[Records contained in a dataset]
______
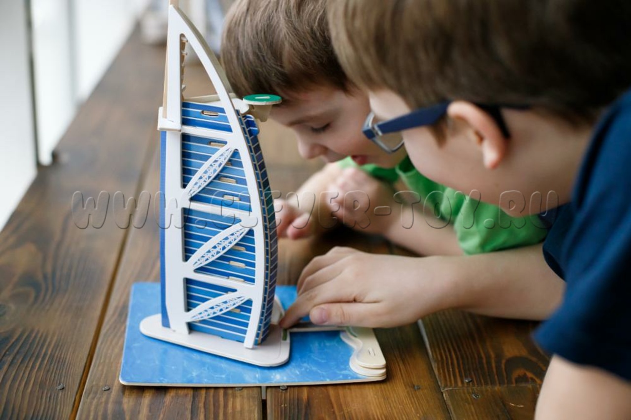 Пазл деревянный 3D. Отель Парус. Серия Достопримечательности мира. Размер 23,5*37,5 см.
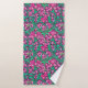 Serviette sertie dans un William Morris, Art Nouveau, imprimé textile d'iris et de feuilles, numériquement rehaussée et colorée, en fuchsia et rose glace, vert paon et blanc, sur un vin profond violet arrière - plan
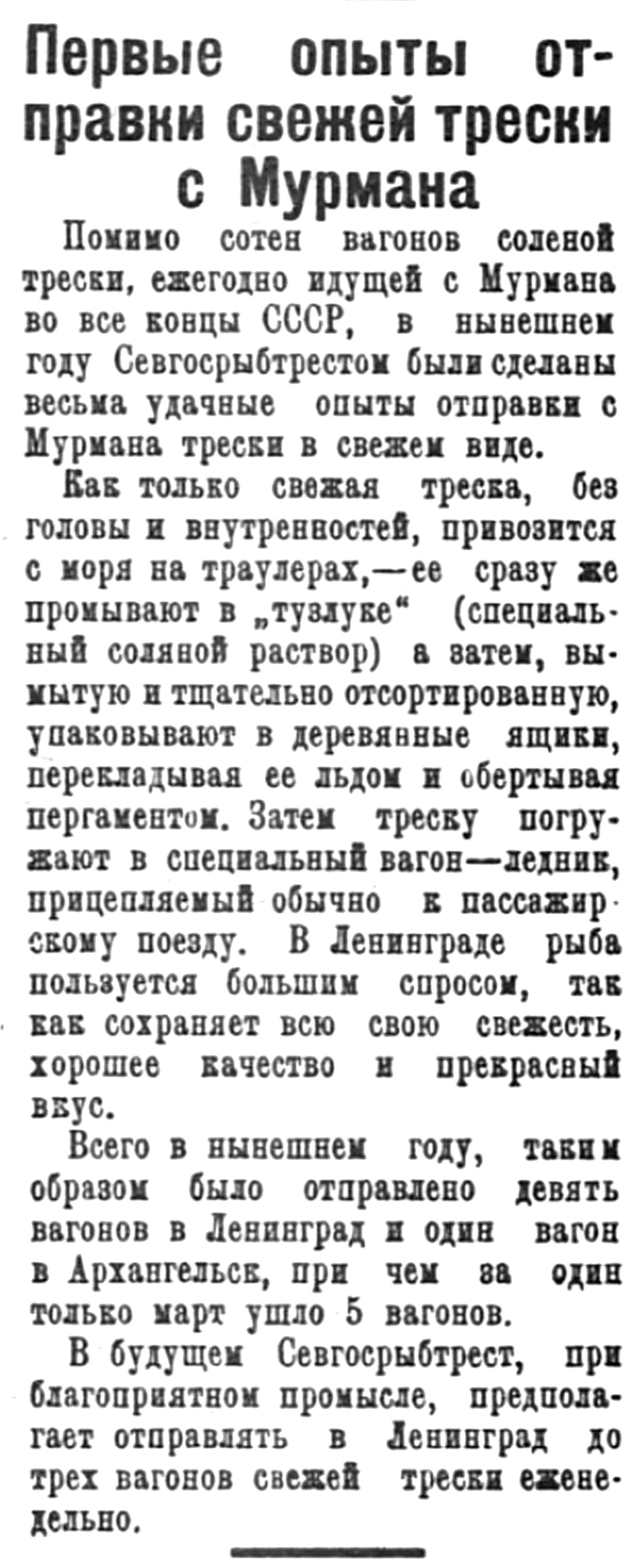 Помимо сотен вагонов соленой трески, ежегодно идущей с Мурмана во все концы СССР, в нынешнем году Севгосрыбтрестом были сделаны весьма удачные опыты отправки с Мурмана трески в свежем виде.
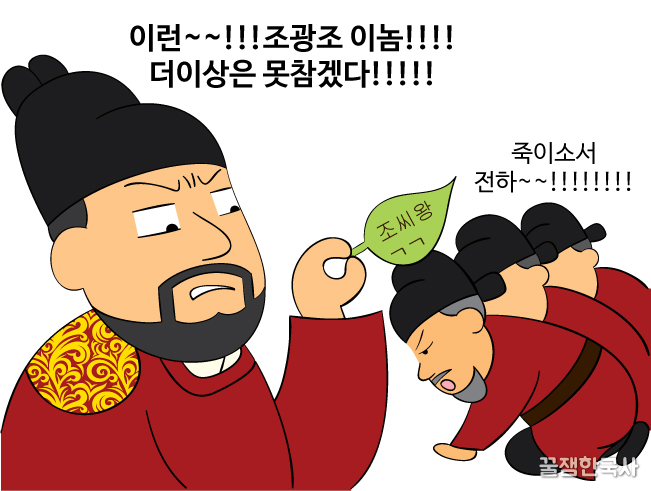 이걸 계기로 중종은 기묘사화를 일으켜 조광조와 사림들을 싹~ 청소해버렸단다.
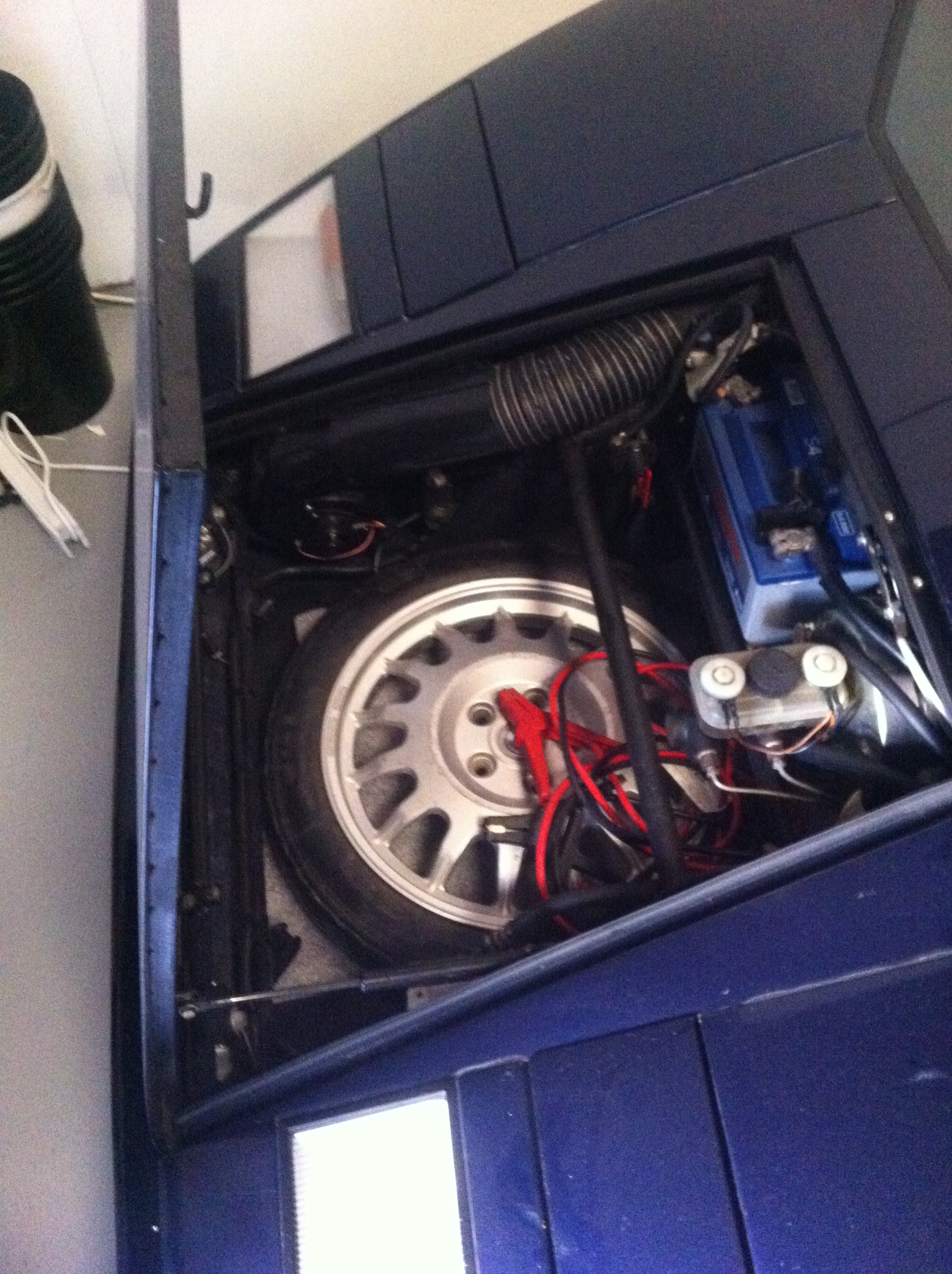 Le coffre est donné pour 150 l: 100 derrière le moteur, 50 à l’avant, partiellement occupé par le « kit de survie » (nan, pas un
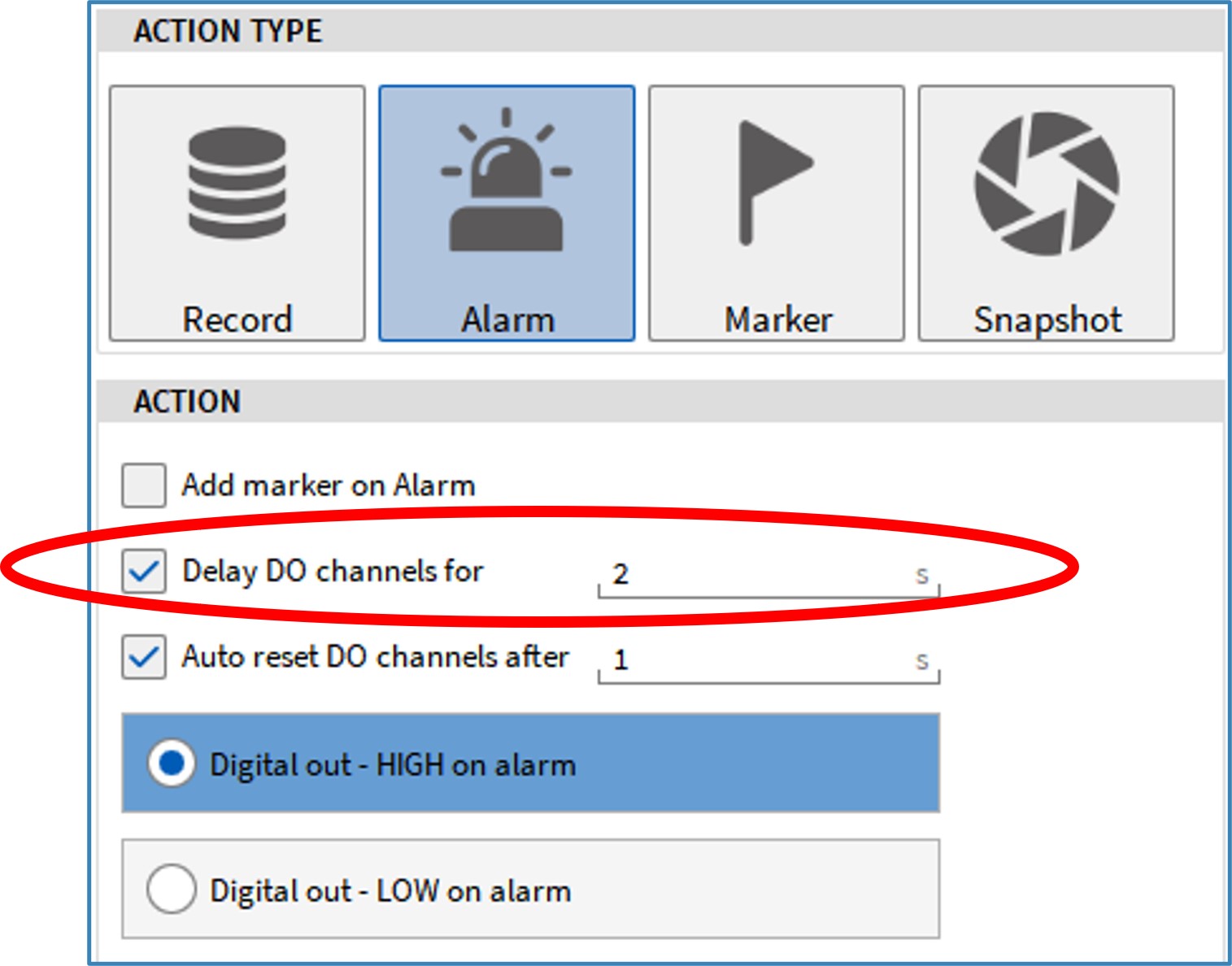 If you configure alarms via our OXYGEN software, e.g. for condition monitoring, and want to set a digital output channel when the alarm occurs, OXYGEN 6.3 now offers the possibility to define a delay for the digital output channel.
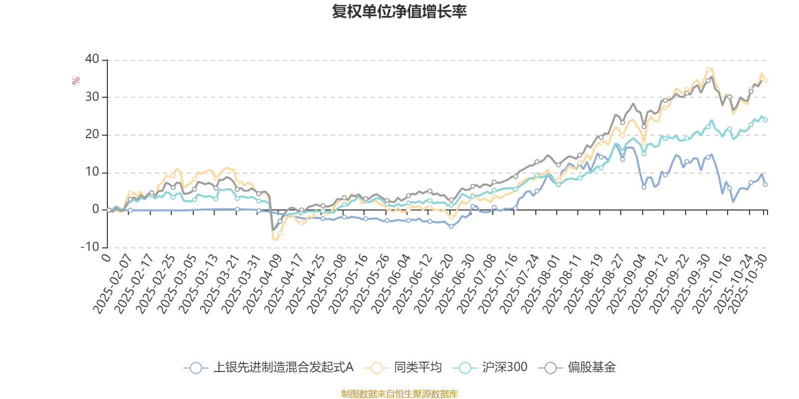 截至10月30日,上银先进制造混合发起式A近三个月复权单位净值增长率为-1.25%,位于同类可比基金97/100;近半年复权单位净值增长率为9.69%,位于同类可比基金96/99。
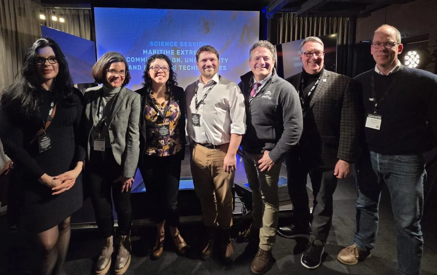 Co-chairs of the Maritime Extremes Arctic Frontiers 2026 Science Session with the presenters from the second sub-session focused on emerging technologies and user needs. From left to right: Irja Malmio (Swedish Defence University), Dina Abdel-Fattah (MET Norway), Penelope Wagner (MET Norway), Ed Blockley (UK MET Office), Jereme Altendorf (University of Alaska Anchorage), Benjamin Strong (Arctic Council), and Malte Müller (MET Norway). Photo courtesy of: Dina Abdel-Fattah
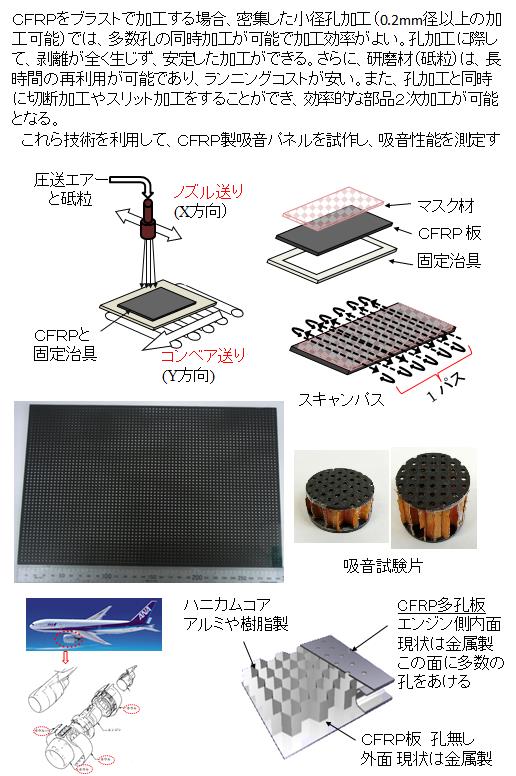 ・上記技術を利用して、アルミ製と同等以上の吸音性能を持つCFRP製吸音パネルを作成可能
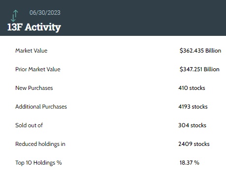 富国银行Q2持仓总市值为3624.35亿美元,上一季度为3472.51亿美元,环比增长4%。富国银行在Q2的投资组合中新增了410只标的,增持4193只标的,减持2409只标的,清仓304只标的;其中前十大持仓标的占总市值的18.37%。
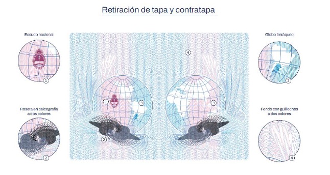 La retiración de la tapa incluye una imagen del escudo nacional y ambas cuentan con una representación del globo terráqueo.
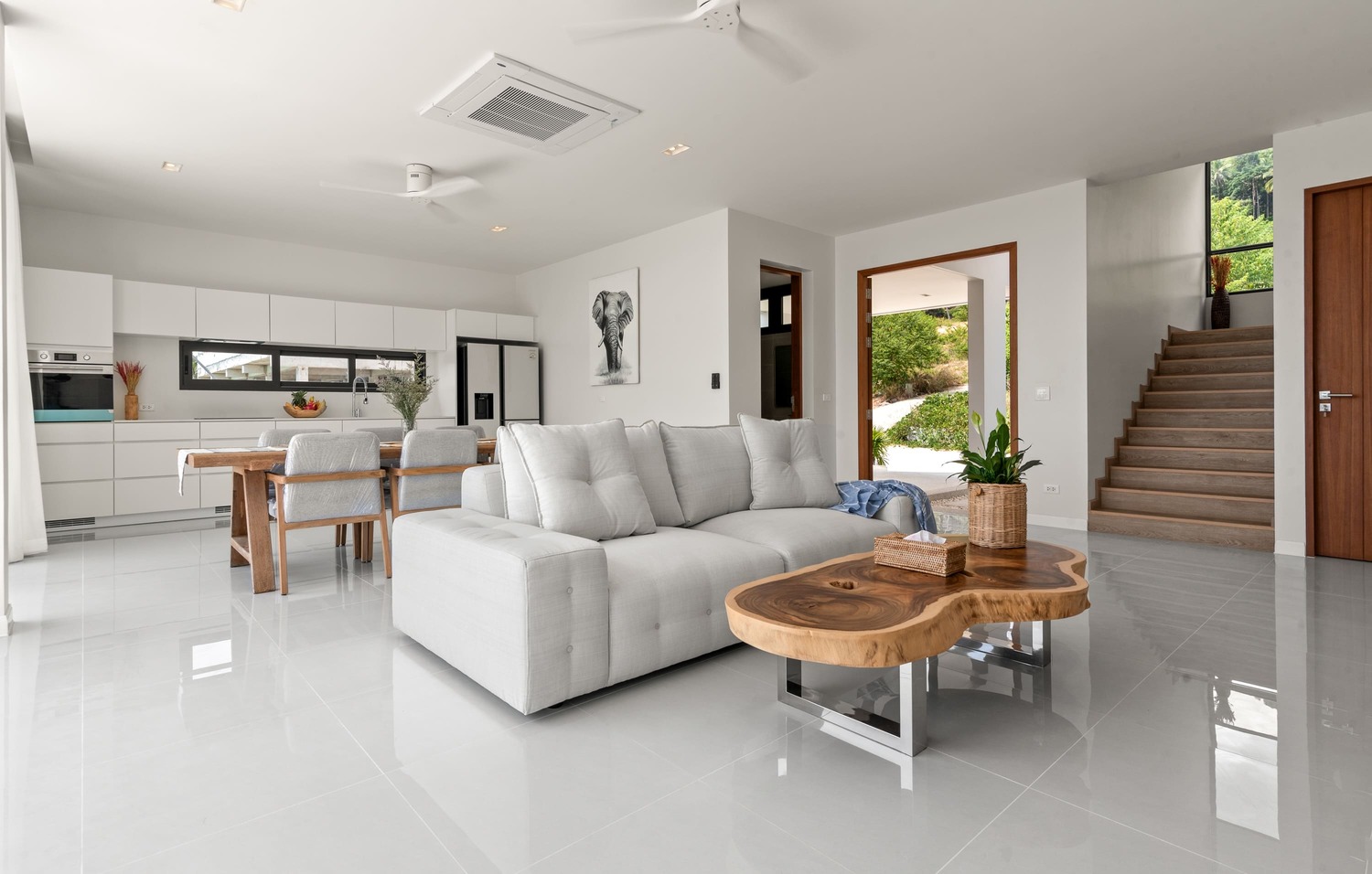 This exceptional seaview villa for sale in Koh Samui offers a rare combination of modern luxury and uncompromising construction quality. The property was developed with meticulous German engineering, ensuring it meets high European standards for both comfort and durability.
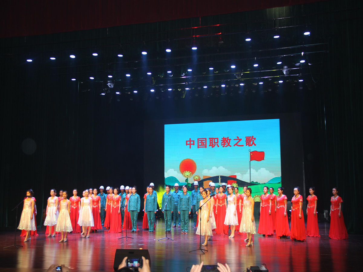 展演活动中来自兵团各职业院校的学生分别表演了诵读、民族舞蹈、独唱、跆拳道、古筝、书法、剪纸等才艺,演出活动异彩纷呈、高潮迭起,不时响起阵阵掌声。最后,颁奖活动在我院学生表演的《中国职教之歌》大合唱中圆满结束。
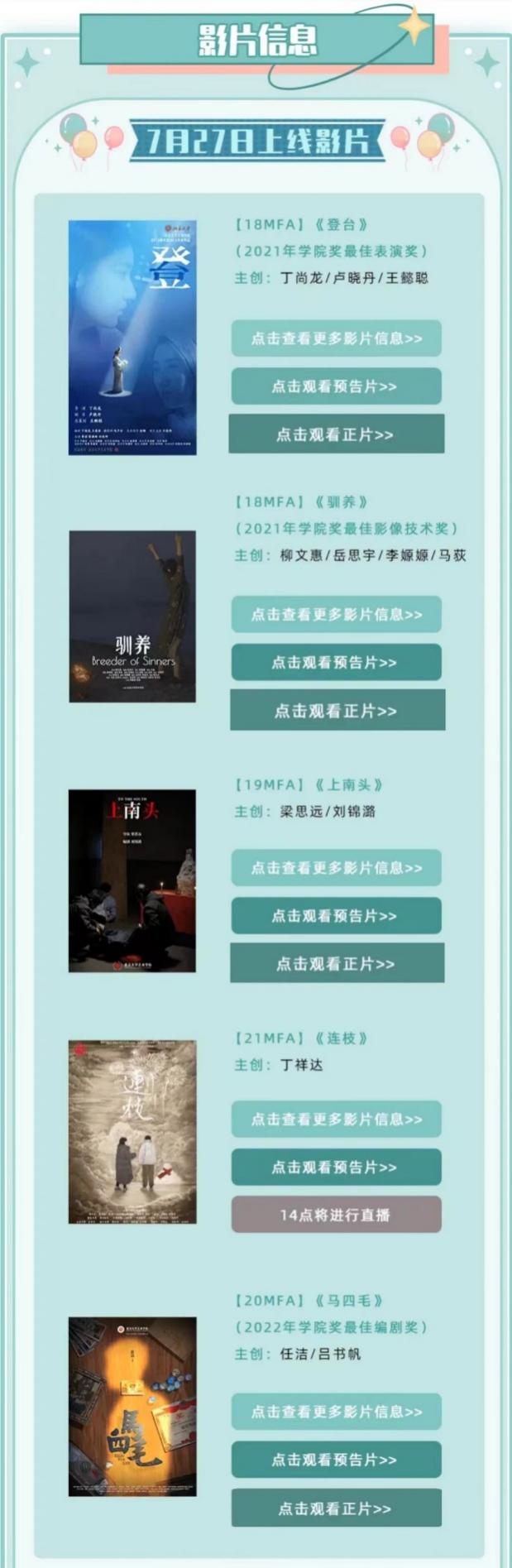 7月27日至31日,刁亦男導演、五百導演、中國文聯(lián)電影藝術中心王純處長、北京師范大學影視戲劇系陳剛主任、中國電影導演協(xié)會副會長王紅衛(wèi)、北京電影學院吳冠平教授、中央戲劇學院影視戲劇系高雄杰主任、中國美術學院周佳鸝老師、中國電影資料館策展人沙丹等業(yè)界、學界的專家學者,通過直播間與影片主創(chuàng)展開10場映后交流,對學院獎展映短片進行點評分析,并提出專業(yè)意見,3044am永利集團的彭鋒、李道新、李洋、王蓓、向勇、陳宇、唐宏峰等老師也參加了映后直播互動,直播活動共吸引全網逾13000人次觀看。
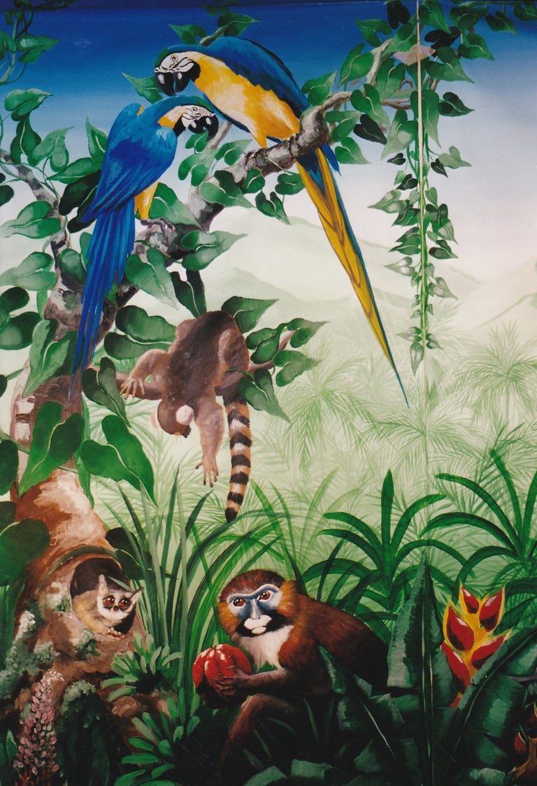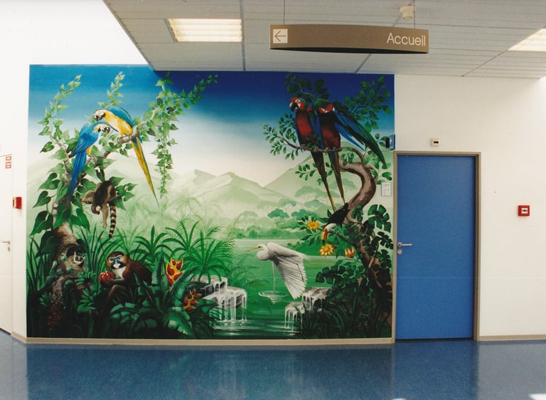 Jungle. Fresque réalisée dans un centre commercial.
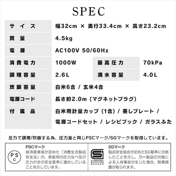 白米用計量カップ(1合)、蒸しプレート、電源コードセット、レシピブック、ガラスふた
______
Goal of the exercise:
Print, exactly as written, the lines above from the first one to the one containing "Serviette sertie dans". Leave out pictures.

Response to this exercise:
 Пазл деревянный 3D. Отель Парус. Серия Достопримечательности мира. Размер 23,5*37,5 см.
 Serviette sertie dans un William Morris, Art Nouveau, imprimé textile d'iris et de feuilles, numériquement rehaussée et colorée, en fuchsia et rose glace, vert paon et blanc, sur un vin profond violet arrière - plan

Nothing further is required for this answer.